----- INFORMATION PROVIDED -----

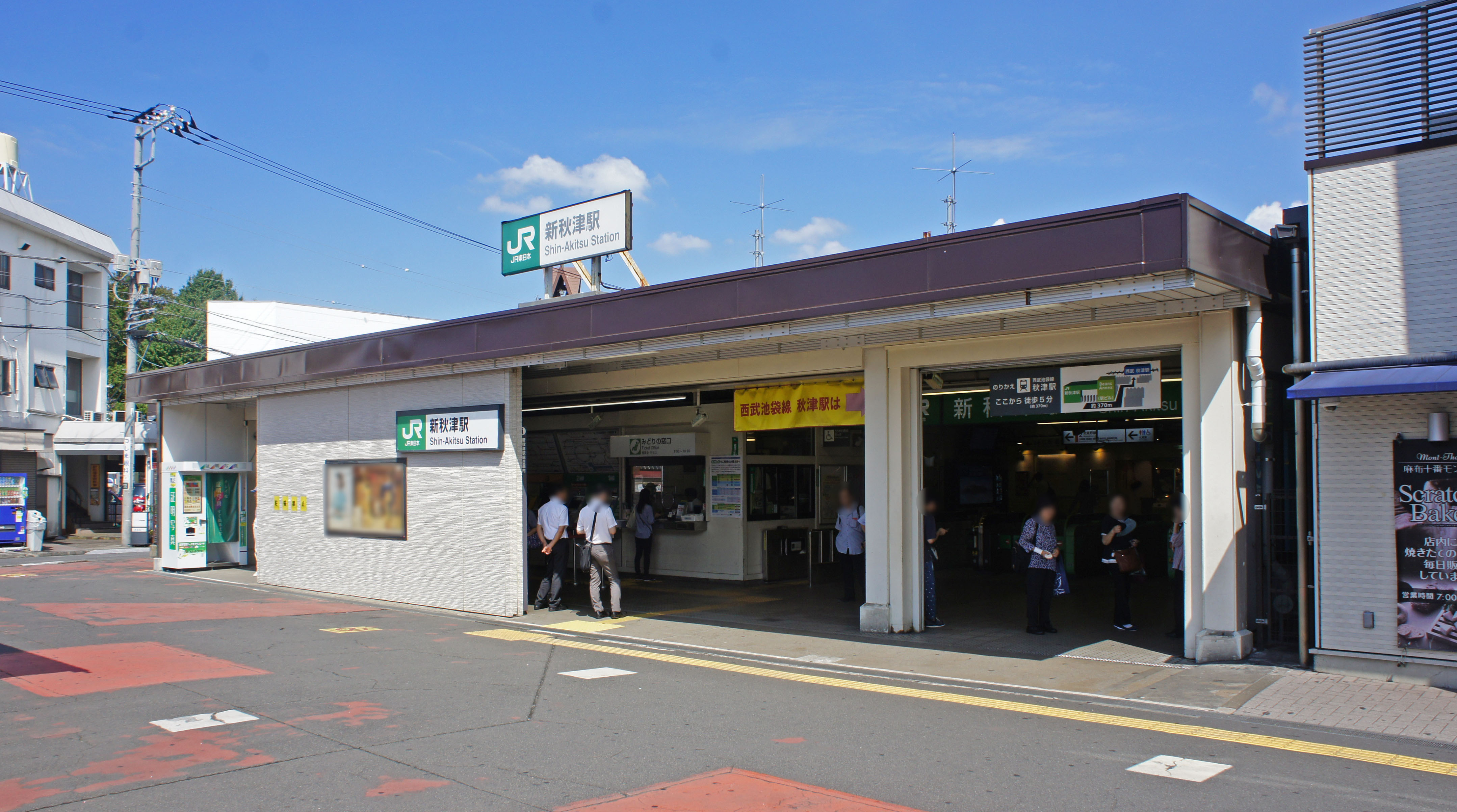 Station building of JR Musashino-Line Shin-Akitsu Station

-----
----- INFORMATION PROVIDED -----

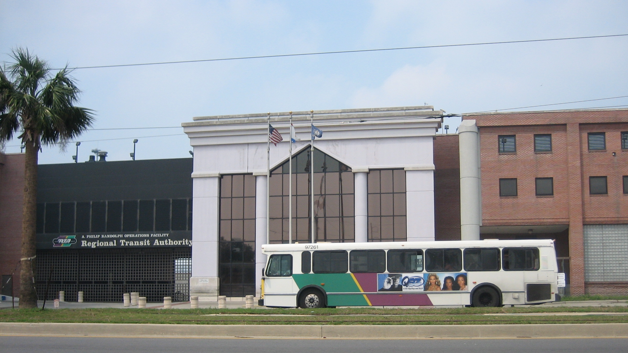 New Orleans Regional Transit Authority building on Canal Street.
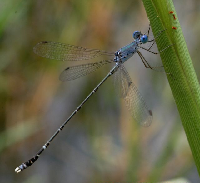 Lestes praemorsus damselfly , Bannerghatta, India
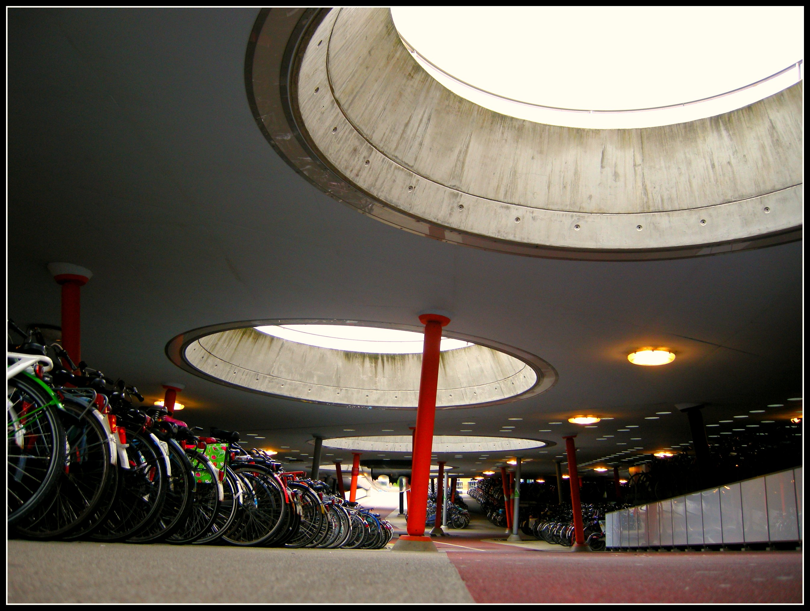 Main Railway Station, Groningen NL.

-----
----- INFORMATION PROVIDED -----

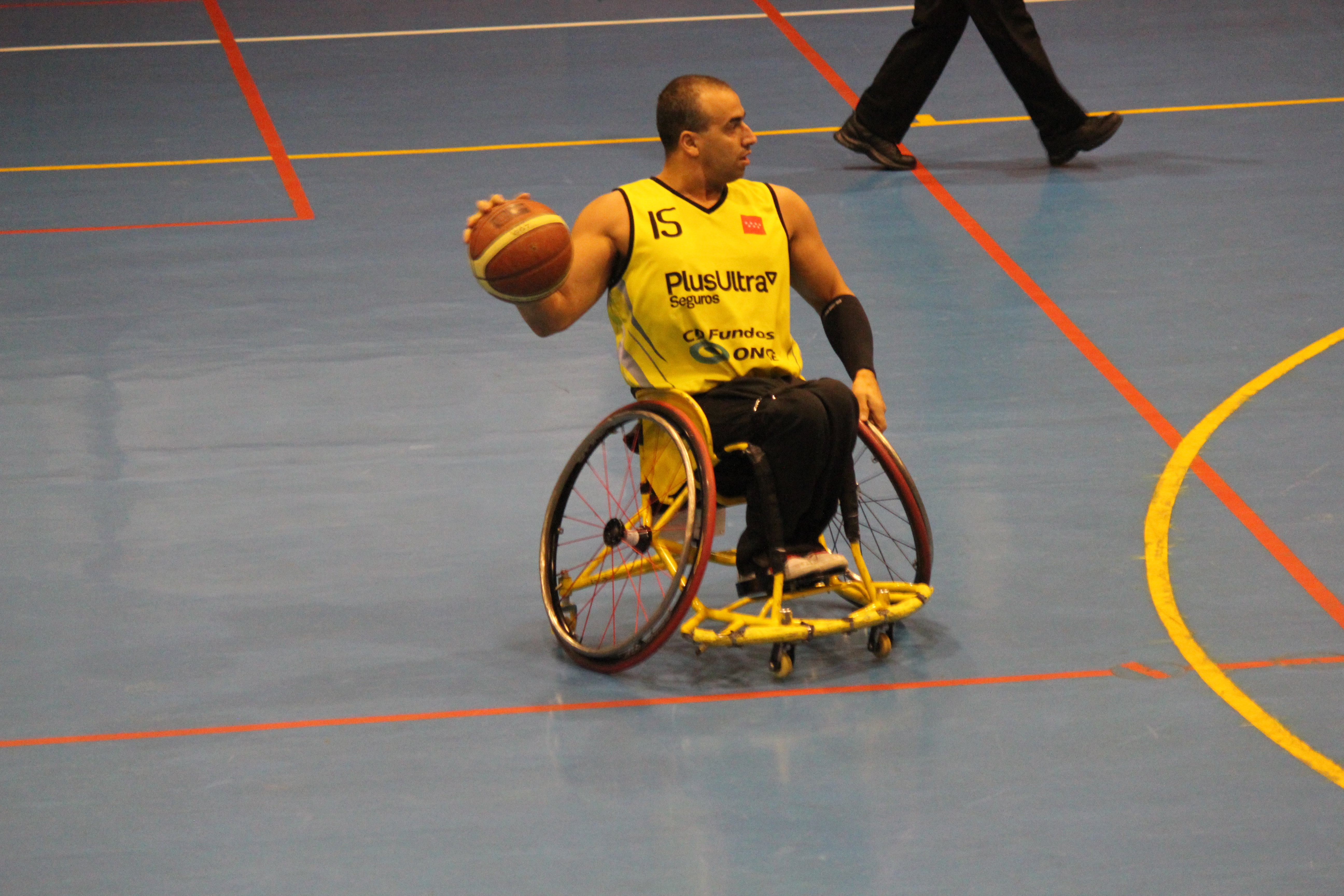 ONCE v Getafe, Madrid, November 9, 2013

-----

Reproduce, word for word, only the lines in the records above from the line with "New Orleans Regional" through the line with "Main Railway Station, Groningen NL.", including both ends; omit the pictures.

◆ FINAL ANSWER:
 New Orleans Regional Transit Authority building on Canal Street.
 Lestes praemorsus damselfly , Bannerghatta, India
 Main Railway Station, Groningen NL.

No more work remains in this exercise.